She sounded lonely. I gently touched the back of her hand with my nose.

TaLi’s legs had grown longer in the two moons since I had pulled her from the river, and she moved with an easy lope. Not as swiftly as a wolf, of course, but still, I was surprised at how quickly we were able to move through the forest. We walked in silence until the sky darkened, and then TaLi began to slow. The pack would be waking now, wondering where I was, but I couldn’t help that. My human had asked for my help and I would give it to her.

“Wait,” TaLi said, and then stopped in her tracks. “I almost forgot.”
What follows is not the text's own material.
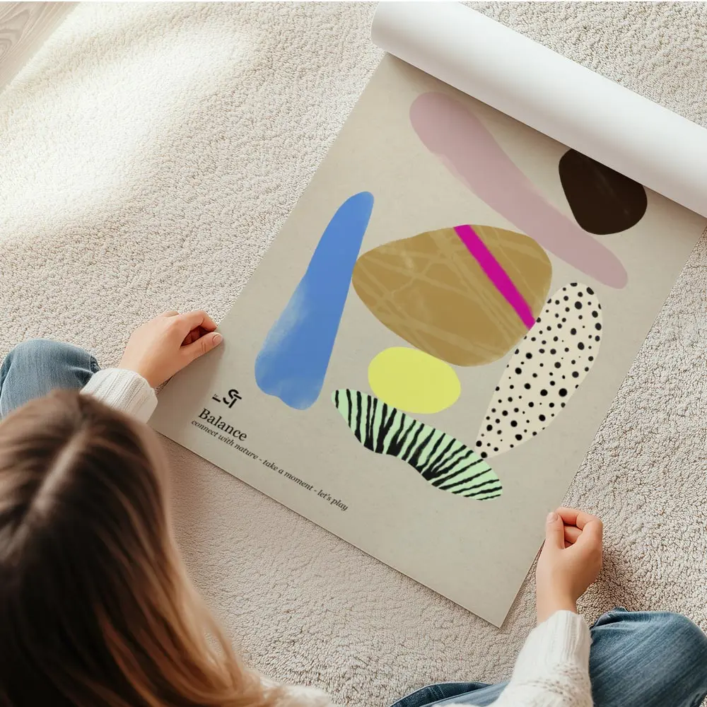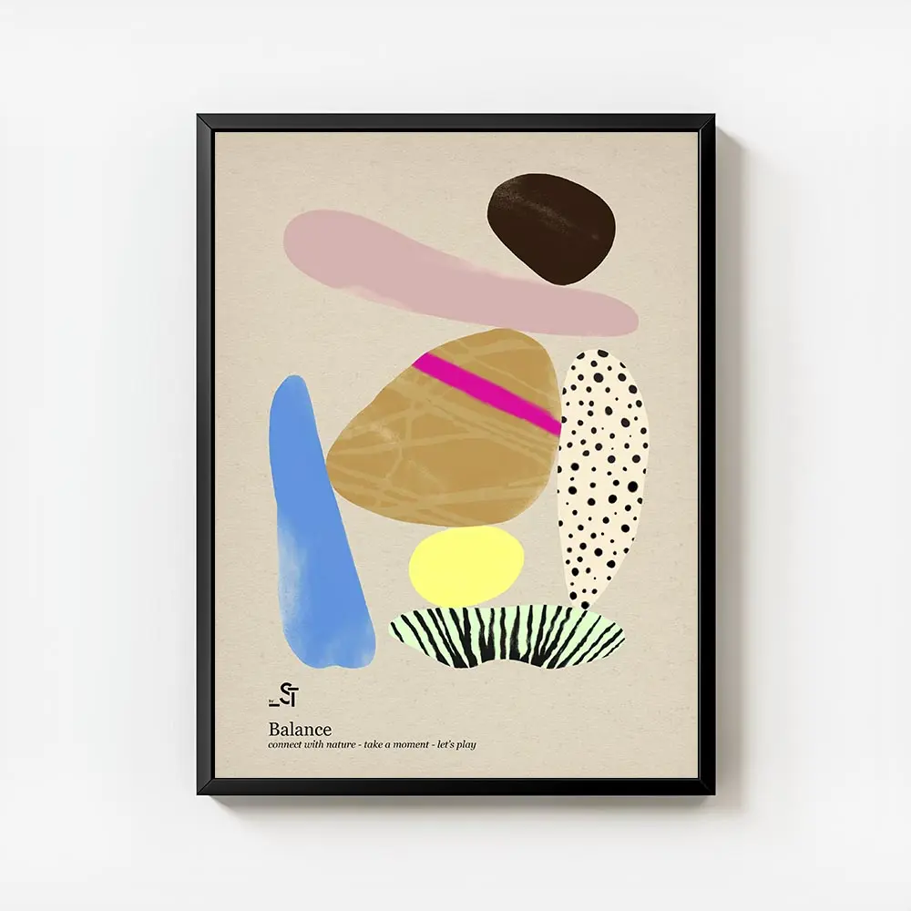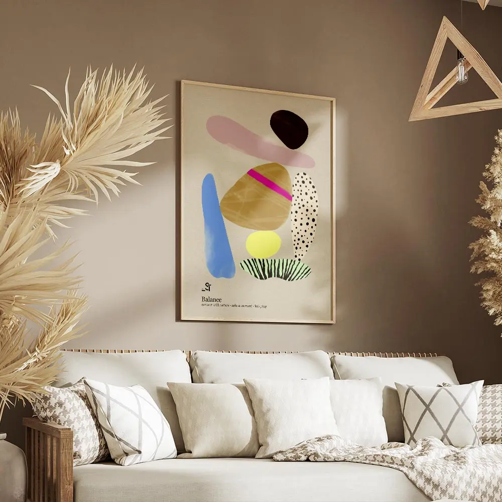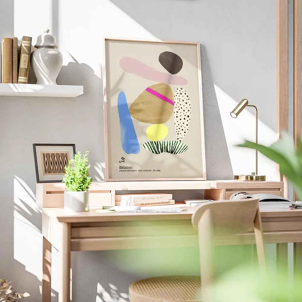 Sur un mur blanc ou beige, les couleurs ressortent immédiatement. On mélange des cadres fins, du bois clair et quelques plantes vertes pour adoucir l'espace. Il se marie bien avec coussins naturels, paniers tressés et lampes en rotin. Pour rester dans le même esprit, regarder nos sélections d'art abstrait ou d'illustrations graphiques.

She took a small gourd from the sack she carried and removed its top. The smell of uijin rose from the gourd. TaLi scooped some of the saplike substance out in her hand and rubbed the sticky stuff into my fur. When she was done, I realized that she had not put any on my feet. She probably didn’t know that the scent glands on our feet leave an especially strong trail. I rubbed my forefeet on my muzzle where she had left a lump of uijin and scraped my rear feet on some that had fallen on the ground. I sneezed twice and looked at TaLi. She whuffed a laugh and placed the top back on the gourd, then slid it back into her sack. We began walking again.
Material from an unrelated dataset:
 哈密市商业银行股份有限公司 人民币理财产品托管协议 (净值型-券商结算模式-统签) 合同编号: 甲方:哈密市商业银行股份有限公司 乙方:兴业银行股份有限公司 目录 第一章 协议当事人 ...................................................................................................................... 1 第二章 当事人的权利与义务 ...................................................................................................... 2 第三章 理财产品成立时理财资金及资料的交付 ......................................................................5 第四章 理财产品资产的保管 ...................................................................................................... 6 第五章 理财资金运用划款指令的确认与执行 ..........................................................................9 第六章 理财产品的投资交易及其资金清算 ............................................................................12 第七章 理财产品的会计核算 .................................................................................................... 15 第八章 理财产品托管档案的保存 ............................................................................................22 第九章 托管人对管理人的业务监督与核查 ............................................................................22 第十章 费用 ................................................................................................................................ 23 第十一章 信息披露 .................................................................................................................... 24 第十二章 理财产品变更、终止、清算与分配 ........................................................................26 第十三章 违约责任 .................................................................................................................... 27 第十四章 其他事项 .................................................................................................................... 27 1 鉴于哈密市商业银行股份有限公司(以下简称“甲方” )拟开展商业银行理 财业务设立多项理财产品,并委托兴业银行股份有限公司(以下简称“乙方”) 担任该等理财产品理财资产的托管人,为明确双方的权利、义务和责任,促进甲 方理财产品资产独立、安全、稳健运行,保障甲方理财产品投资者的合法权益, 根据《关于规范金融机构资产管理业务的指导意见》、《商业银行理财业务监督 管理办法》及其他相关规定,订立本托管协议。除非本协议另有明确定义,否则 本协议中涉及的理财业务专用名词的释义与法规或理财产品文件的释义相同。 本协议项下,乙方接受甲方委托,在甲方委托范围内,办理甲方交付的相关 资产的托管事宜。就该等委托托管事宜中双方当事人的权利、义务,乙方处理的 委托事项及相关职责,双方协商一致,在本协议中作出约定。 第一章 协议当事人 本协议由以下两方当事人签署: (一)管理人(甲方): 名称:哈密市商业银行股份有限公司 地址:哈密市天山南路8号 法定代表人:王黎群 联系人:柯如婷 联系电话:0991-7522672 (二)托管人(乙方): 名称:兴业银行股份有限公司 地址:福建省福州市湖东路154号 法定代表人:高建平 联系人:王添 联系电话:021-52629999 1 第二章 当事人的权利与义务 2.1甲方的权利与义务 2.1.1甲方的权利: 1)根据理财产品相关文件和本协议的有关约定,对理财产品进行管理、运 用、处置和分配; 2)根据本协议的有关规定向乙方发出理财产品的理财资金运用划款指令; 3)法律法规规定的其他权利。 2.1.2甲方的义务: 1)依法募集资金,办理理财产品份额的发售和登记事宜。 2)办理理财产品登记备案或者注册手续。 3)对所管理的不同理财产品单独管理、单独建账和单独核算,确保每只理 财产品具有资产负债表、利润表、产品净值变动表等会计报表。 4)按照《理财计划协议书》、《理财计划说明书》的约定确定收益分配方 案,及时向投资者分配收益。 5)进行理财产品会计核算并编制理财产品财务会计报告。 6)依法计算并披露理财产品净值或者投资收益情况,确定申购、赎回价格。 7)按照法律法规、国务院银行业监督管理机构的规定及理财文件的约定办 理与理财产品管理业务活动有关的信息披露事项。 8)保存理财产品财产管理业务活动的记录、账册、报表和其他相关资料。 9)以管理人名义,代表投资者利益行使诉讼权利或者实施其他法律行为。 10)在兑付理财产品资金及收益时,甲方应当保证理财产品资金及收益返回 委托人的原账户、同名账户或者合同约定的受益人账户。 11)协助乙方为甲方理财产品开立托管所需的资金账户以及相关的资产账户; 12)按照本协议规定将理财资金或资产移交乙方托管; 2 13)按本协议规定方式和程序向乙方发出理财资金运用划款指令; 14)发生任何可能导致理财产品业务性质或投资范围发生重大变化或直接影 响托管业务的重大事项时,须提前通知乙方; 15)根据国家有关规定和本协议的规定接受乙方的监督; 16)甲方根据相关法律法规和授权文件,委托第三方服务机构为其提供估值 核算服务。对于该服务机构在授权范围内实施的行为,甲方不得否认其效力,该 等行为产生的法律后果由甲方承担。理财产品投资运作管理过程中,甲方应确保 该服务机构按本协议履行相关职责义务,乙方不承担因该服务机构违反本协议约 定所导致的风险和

After a little less than an hour, TaLi stopped in an undistinguished-looking patch of grass, dirt, and many large boulders. A gap in the trees showed the tall eastern mountains, glowing in the moonlight. It would have made a good gathering place, I thought. TaLi sat and waited, so I sat and waited, too.

Then I smelled them. In spite of what the old woman had told me, I could barely believe my nose. Greatwolves, a lot of them, coming our way. Frandra and Jandru were among them, and many others I didn’t recognize. I hadn’t realized there were that many Greatwolves in the valley. I whined to TaLi and started to walk away. When she did not follow, I took her wrist in my teeth and pulled gently.

“Are they coming, Silvermoon?” she asked. “We’re supposed to hide before they get here.”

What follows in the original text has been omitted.